There are several types of Forex accounts. Forex trading accounts can however be classified into two main categories namely; demo and live accounts. The accounts are mainly classified according to type of funds (i.e. cash or virtual funds) among other factors ranging from lot-size to account management. Below is a discussion of the main types of accounts in Forex trading.
1. Demo account
As the name suggests, this type of account is used for demonstration (demo) purposes. Demo accounts (also known as practice accounts) are used by individuals who wish to learn how to trade. A demo account teaches a newbie trader how to trade without exposing the trader to the risks involved in live trading. A demo account is similar to a live account in every way except one i.e. a demo account uses virtual money.
Trades are however conducted real-time like live account trades. The currency quotations are also live. A demo account allows newbie traders to familiarize themselves with trading platform/software features as well as test their trading strategies. Traders can choose their initial deposit, trading preferences among many other custom options available with live accounts.

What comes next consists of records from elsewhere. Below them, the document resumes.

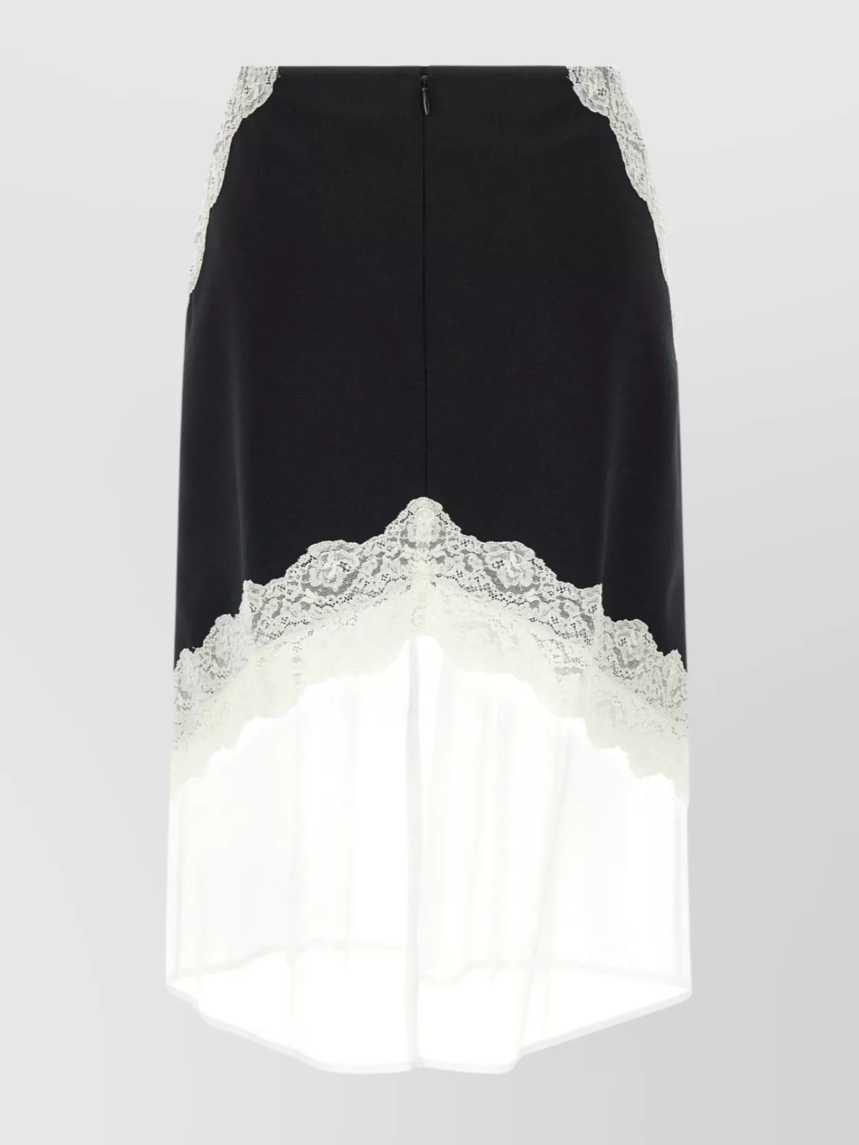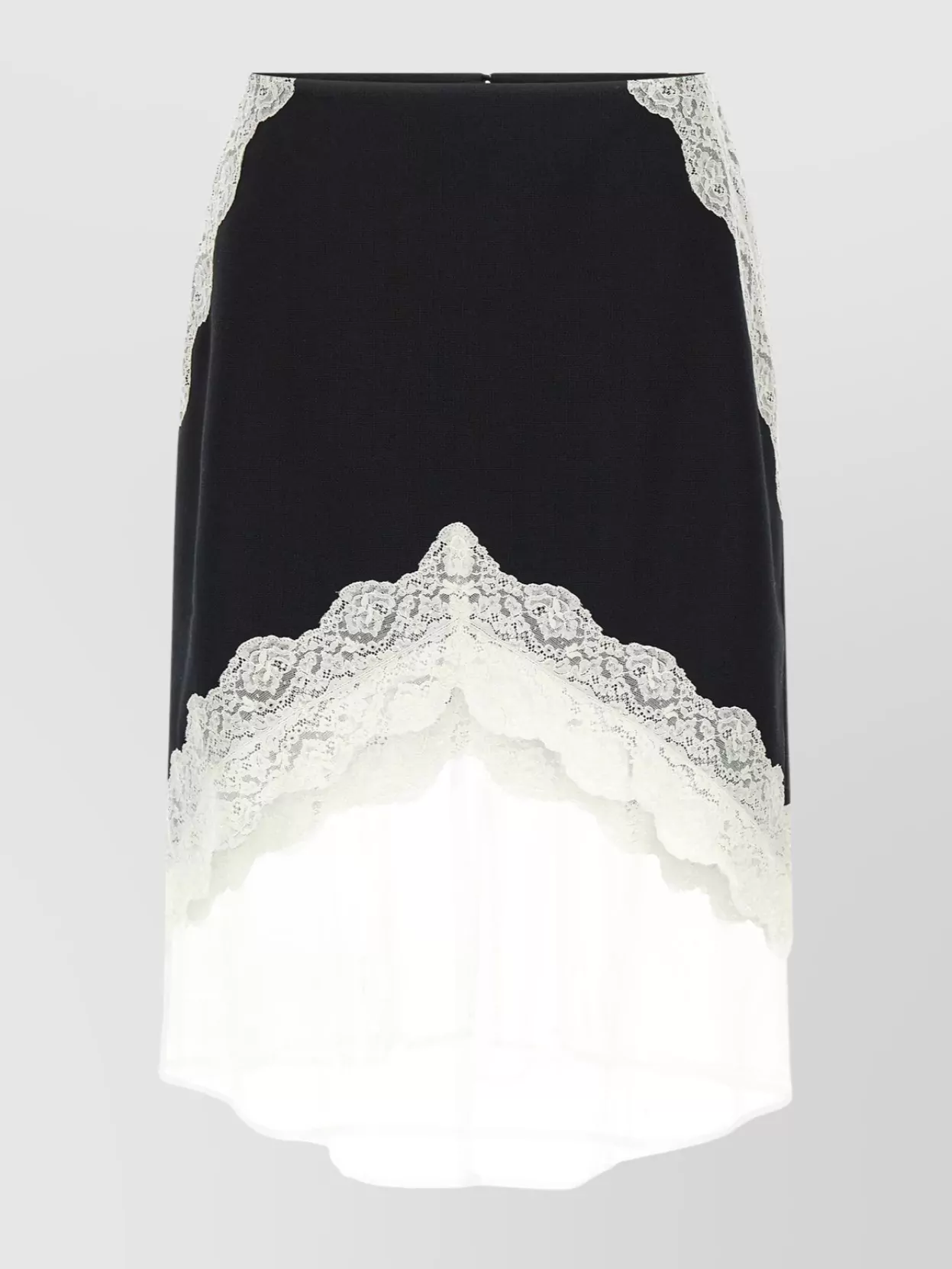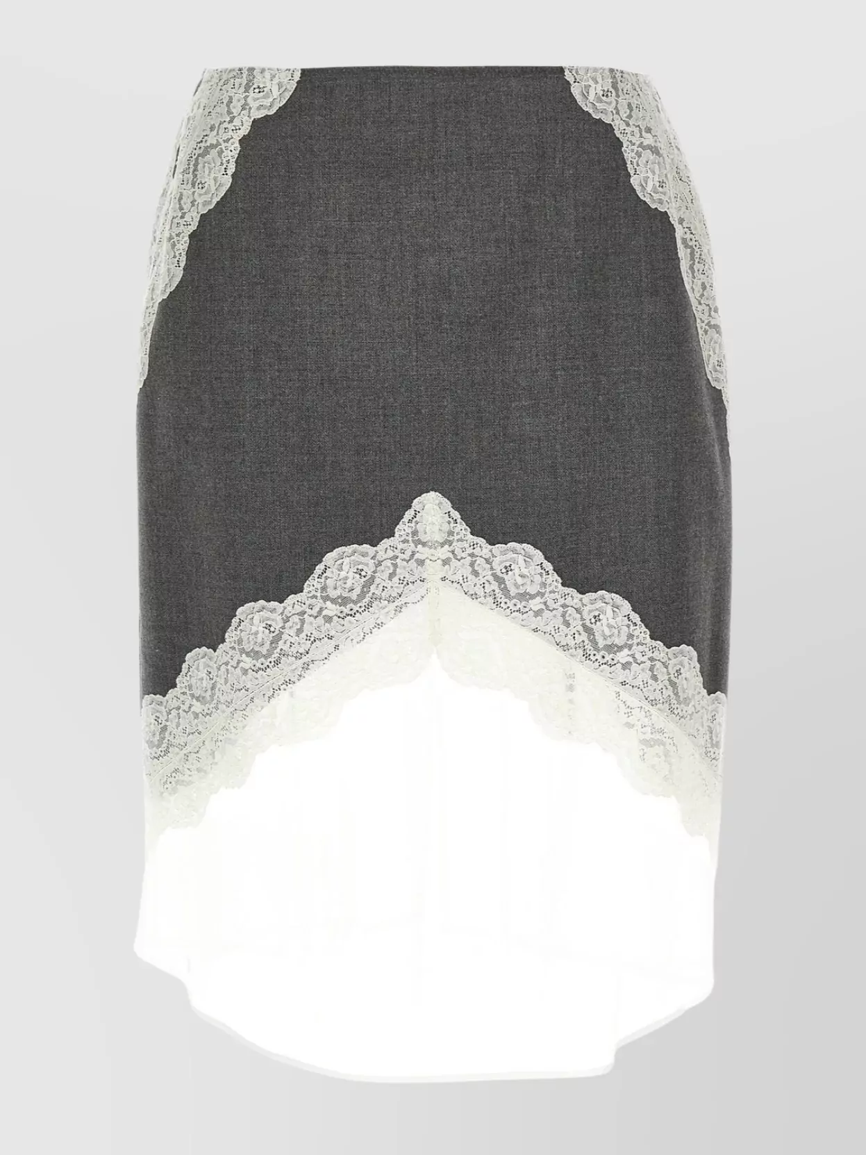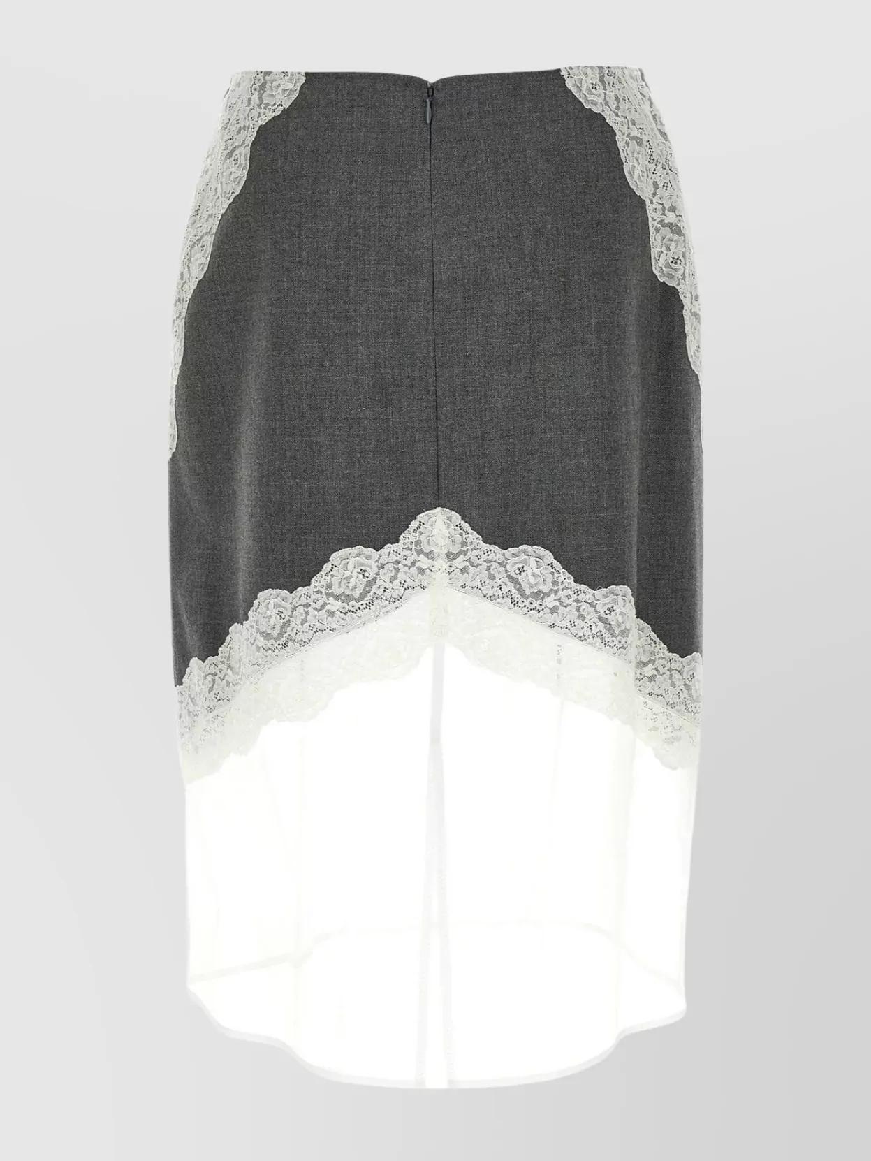 asymmetric lace wool skirt with sheer overlay
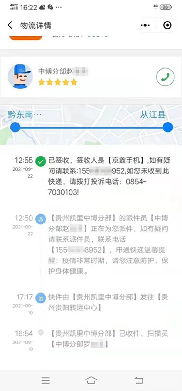 (根據(jù)物流顯示,包裹從凱里發(fā)往貴陽(中轉(zhuǎn)),但卻沒有抵達(dá)中轉(zhuǎn)的相關(guān)信息,之后又在凱里被申通快遞簽收。)
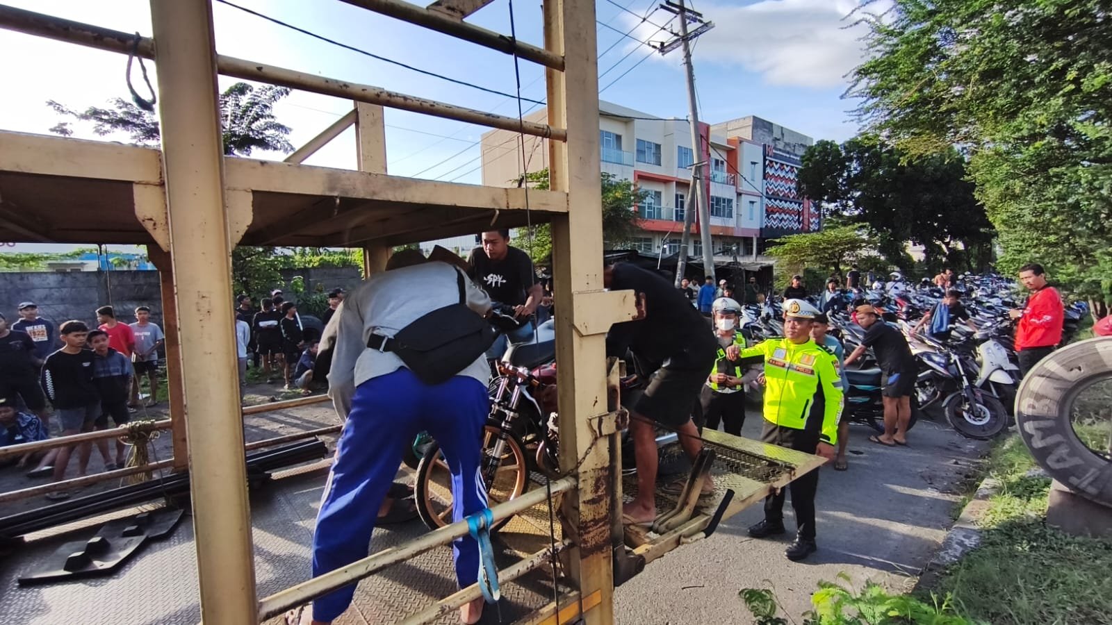 Motor yang digunakan balap liar diangkut ke atas truk (Dok. Polresta Sidoarjo)
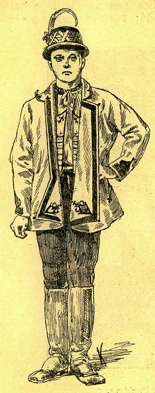 sakovitě zašity. Sepnouti dá se jediné na prsou párem řemenů na přezku. Připevnění řemenů k haleně dává rozličný ornamentální motiv; řemeny rozřezávají se po délce v několik pramenů, které se rozmanitě do haleny provlékají aneb mezi sebou vážou, takže se tu objevuje často krásný tvar, velikou sponu antickou připomínající. (Viz obr. č. 29. mužů z Prenčova.) Pro svůj veliký čtyřhranný límec bývá někdy halena srovnávána s šubou, která v první i druhé polovici 16. století se stala módním vrchním oděvem téměř celé západní Evropy. Tak připomínáme zde jen ustálené zjevy Karla V. něm. císaře, francouzského Františka I. a anglického Jindřicha VIII., kteří na obrazích vždy v šubách jsou zobrazováni. Šuby ty širokými rukávy, velkým čtyřhraným límcem a i přeložením předních částí připomínají nám halenu kožešinou podšitou, a není nejmenší pochyby, že tu značná příbuznost stává. Leč kdo zodpoví, byla-li forma ta přenesena ze západu na východ aneb šla-li věc směrem opačným. Nechtíce tu přílišným rozborem věci zaběhnouti, dovolíme si přece podotknouti několik poznámek, jež dovozují, jak se ke druhému pravda

Although it’s not a must to open a practice account before opening a live account, it’s highly advisable to do so in an effort to gain the relevant skills and expertise required to execute live trades successfully. For instance, a demo account will help you test your strategy and understand the trading software in advance. These are very important factors to consider for successful trading.
2. Live account
In Forex trading, a live account is simply a Forex trading account with real money. A Forex trader is supposed to open a live account after testing their Forex strategies on a demo account for months (ideally 6-12 months). This should be the case since live accounts are risky accounts for traders who haven’t tested and proven their strategies. There are a number of live accounts classified according to lot size and account management. The main types of live accounts are discussed below:
a. Micro account
A micro account is live account that allows trading in micro-lots i.e. 1,000 units of currency. When trading with a live micro account, 1 pip is equivalent to $0.1. The main aim of opening a micro account is to learn how to trade live with minimum risk. Although a demo account can teach you how to trade effectively, trading with real money offers a more practical experience. Opening a micro account is therefore a great way to start trading live. A typical micro account can be opened with a $50-$100 deposit.
b. Mini account
A mini account is a live account that allows trading in 10,000 units of currency (mini-lots). When trading with a live mini account, 1 pip is equivalent to $1. A mini account is ideal for a trader who wants to increase their gains while trading live without exposing themselves to too much risk. The account is also idea for a trader with some more risk capital since a typical mini account requires a minimum initial deposit of $1,000.
c. Standard account
A standard account is a live account that requires trading with standard lots i.e. 100,000 units of currency. When trading with a live standard account, 1 pip is equivalent to $10. A standard account is ideal for experienced Forex traders who are in a position to take considerable risk while trading live. A typical standard account requires a minimum initial deposit of $10,000.
d. Managed trading account
As the name suggests, this is a special type of live trading account whereby trading is done on behalf of an account holder by a professional trader. Managed trading accounts are available to individuals who would like to profit from Forex trading but don’t have the time and/or expertise to trade live actively. In exchange for managed trading services, account holders pay a commission and/or a fee/s that have been agreed upon for operation of such an account. A managed trading account requires a considerably amount of capital i.e. above $10,000 in most cases. You don’t however need to spend your precious time and effort studying and assessing the Forex market. Your Forex broker assigns a professional trader to trade on your behalf.
The above information summarizes the main types of Forex trading accounts. It is however important to note that Forex accounts can differ from one broker to another. Although there may be other types of accounts assuming other names, Forex trading accounts revolve around the types of accounts discussed above.